Terren could not even lift his head. His sigil flickered feebly from where he knelt, summoning his swords. But only two of them responded to his call. And even then, they only stayed in the air a moment before falling to the ground like dead things.
“He’s going to kill him,” someone in the crowd screamed.
He really was. I watched, uselessly, as Maro reached Terren, closed both hands around his throat, and lifted him off the ground.
The despair I felt then was like being buried by a mountain. It was over. It was truly over. Terren was going to die, and Maro was going to tame the already subdued dragon and become emperor. And because I had betrayed Maro, because I had not cast the heart-spirit poem as planned, he would—
I sucked in a breath. Wait.
The heart-spirit poem.
My pulse was racing. I all but sprinted back to the tent.
My section of the terrace had been abandoned; everyone had poured towards the balconies on the far side of the arena, where the brothers were, to be closer to the action.
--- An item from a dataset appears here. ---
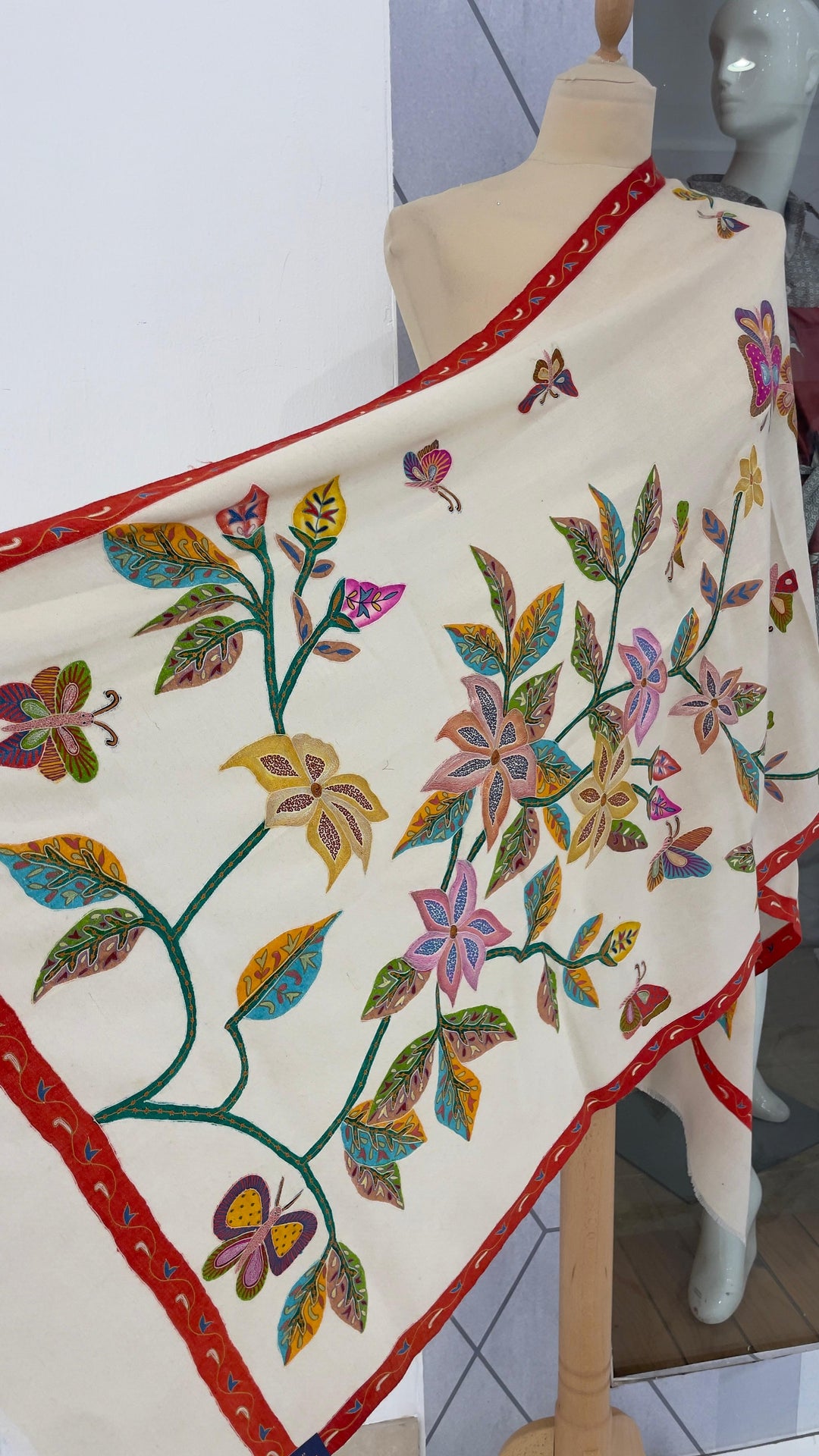 Shipra Ivory Floral Hand-Embroidered Pashmina Scarf | House of Inaayat
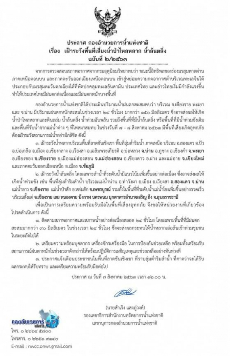 กองอำนวยการน้ำแห่ชาติได้ประเมินปริมาณน้ำฝนตกสะสมพบว่า บริเวณ จ.เชียงราย พะเยา และ จ.น่าน มีปริมาณฝนตกหนักสะสมในช่วงเวลา 24 ชั่วโมง มากกว่า 150 มิลลิเมตร ซึ่งอาจส่งผลให้เกิดน้ำป่าไหลหลากและดินถล่ม น้ำล้นตลิ่ง น้ำท่วมฉับพลัน รวมถึงพื้นที่ที่มีน้ำล้นตลิ่ง หรือพื้นที่ที่มีน้ำท่วมขังเดิมและพื้นที่รับน้ำจากแม่น้ำต่างๆ ที่ไหลมาสมทบ ในช่วงวันที่ 7-8 สิหาคม 2563 มีพื้นที่เสี่ยงเกิดอุทกภัย ต้องฝ้าระวังสถานการณ์น้ำอย่างใกล้ชิด ดังนี้

The heart-spirit poem. I tore out my pen and started writing on the rug, frantic, one memorized character after the other.
In my periphery, I could see Terren struggling in his brother’s chokehold.
His mouth was open as he gasped for breath, and his face had turned an alarming shade of red.
He tried again to summon his blades—刀/Dao sigil flickering like a dying flame—but his magic must have been spent entirely.
The swords stayed motionless on the ground.
Weakly, he pried at the hands around his throat, but it was no use. Maro held firm.
I had very little time.
The heart-spirit poem was developed in the early Ash Dynasty, Ciyi had once told me, as a potent derivative of the more commonplace healing spell.
A spell that can find its way directly to the heart.
Maybe it did not have to be a killing spell. I scribbled down one hurried character over another, line after line. Maybe finding someone’s heart did not have to condemn them to death. Maybe it could, instead, give them life.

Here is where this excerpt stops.